All indices substantially correlated with PGA. SLEDAI-2K had the highest rank followed by BILAG-2004, ECLAM, and SLAM-R in decreasing order. This finding, more or less, was consistent with the previous studies [8, 21, 22]. In addition, PGA, BILAG-2004, and SLEDAI-2K showed substantial correlation with treatment change. BILAG-2004 seems to be the only index (A, B, C, D, E) which covers the treatment decision among the indices. It has more items than the other three indices. This may explain its stronger correlation with treatment change compared with the other ones.
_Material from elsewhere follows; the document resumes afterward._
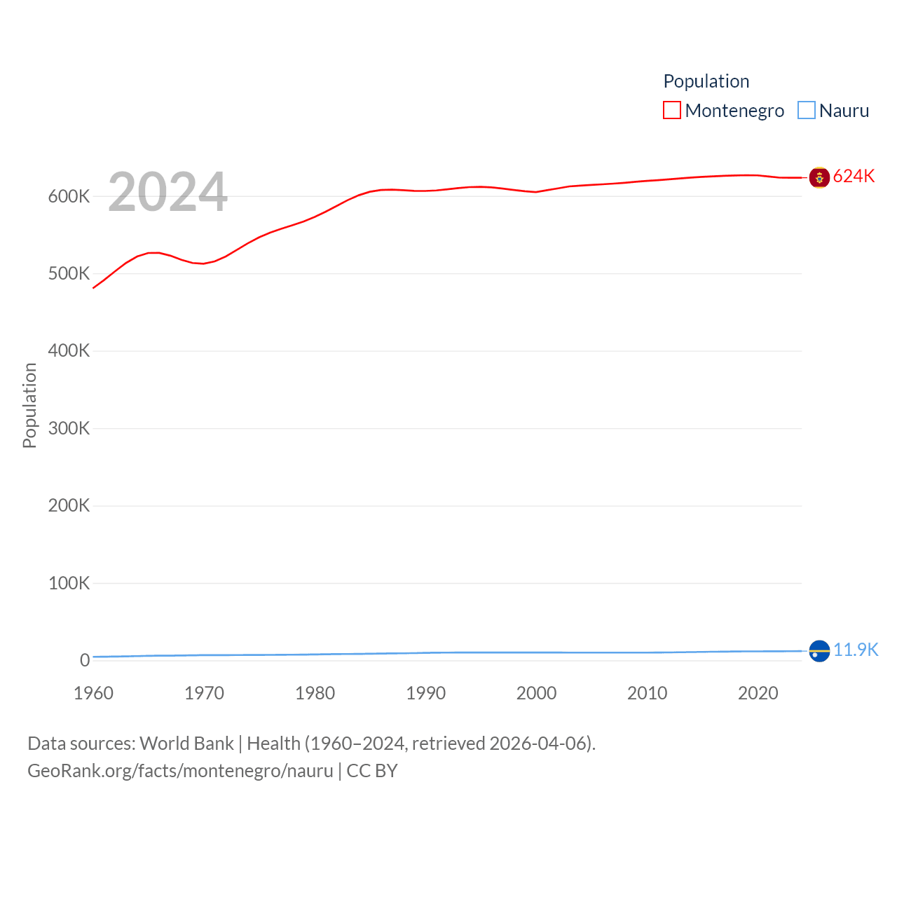 Montenegro has a population of 624K (ranked 166/197), compared with 11.9K in Nauru (ranked 195/197). Montenegro's land area is 5,193 sq mi versus 7.72 sq mi for Nauru (ranked 156th vs. 195th).

Also, SLEDAI-2K includes objective items such as immunologic markers, which might justify its substantial correlation with treatment change [1]. On the other hand, some indices such as SLAM-R includes more subjective items like fatigue or arthralgia that might be unrelated to SLE activity, and, consequently, to treatment modification [1].
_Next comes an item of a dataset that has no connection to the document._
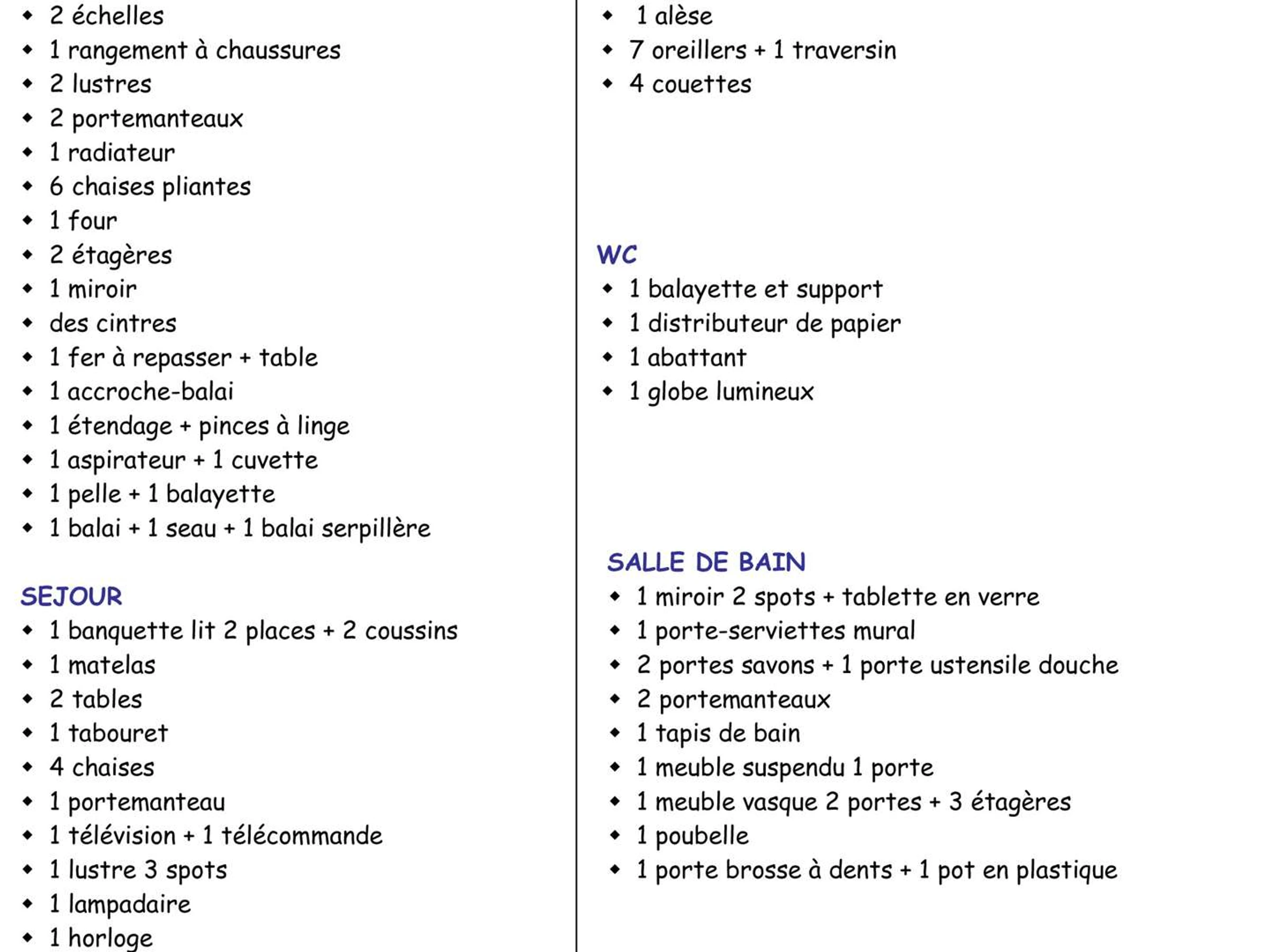 - Ménage fin de séjour : 70 €.

Table 3 showed an inconclusive pattern of detecting disease activity by five indices requiring treatment change. That’s why we needed model building in order to take into account other factors such as age and sex of patients. GLMM models in Table 4 lead us to the probability of increased treatment relative to decreased/not-changed treatment in the current study. For example, the odds of requiring increased treatment instead of decreased/not-changed treatment for patients with BILAG-2004 = A category are estimated to be 23.65 (OR) times the corresponding odds for patients with BILAG-2004 = E category, all other variables being equal. Patients with BILAG-2004 = B are 8 times more likely to need increased treatment relative to those with BILAG-2004 = E. Similarly, patients with BILAG-2004 = C are roughly 2.5 times more likely to need increased treatment relative to patients with BILAG-2004 = E. GEE models in Table 4 lead us to the similar information provided by GLMM but in population level. In other words, GLMM models provide subject-specific results; whereas, GEE models provide average population information.
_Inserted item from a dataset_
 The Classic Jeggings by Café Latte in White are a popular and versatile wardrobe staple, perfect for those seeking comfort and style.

The AUC measured discrimination. It reflected the ability of index to correctly distinguish between the patients who needed treatment increase vs. those who did not, based on the sensitivity and specificity of each index. An index with perfect discrimination, 100% sensitivity and 100% specificity, has a ROC curve that passes through the upper left corner. Then, the closer the ROC curve to the upper left corner, the higher the overall accuracy of the index. For instance, AUC of 0.779 for BILAG-2004 in Table 5 means, on average, a patient with increased treatment had higher BILAG-2004 score than 77.9% of those with no increased treatment. In other words, BILAG-2004 had the predictive ability to discriminate patients who needed increased treatment than those who did not. This was true for all indices since all AUCs were significant. But, the delectability power was different, from the minimum AUC of 71% for SLAM-R to the maximum AUC of 78% for BILAG-2004. The difference between BILAG and SLEDAI-2K in terms of AUC was minimal. The ability of indices to capture disease activity and the need to increase treatment was different in previous studies. Although BILAG-2004 was more able to detect this issue in the study of Yee et al. [15], there are some reports for better response of SLEDAI [16], SLAM [8, 23], or ECLAM [24]. This inconsistency among studies may result from differences in statistical analysis, sample size, or study design (for instance, cross-sectional vs. longitudinal study).

This study had some limitations. Our results could be improved if patients’ assessment of disease status were considered. In addition, one rheumatologist decided on all treatments, and there was no second check. If the patients were evaluated by a second rheumatologist, less errors were probably expected.

In summary, the current study showed that BILAG-2004 followed by SLEDAI-2K had the highest predictability of the need to increase the treatment in three consecutive visits among the four disease activity indices in our study. It may be expected that the outcome of BILAG-2004 in terms of treatment will be more meaningful.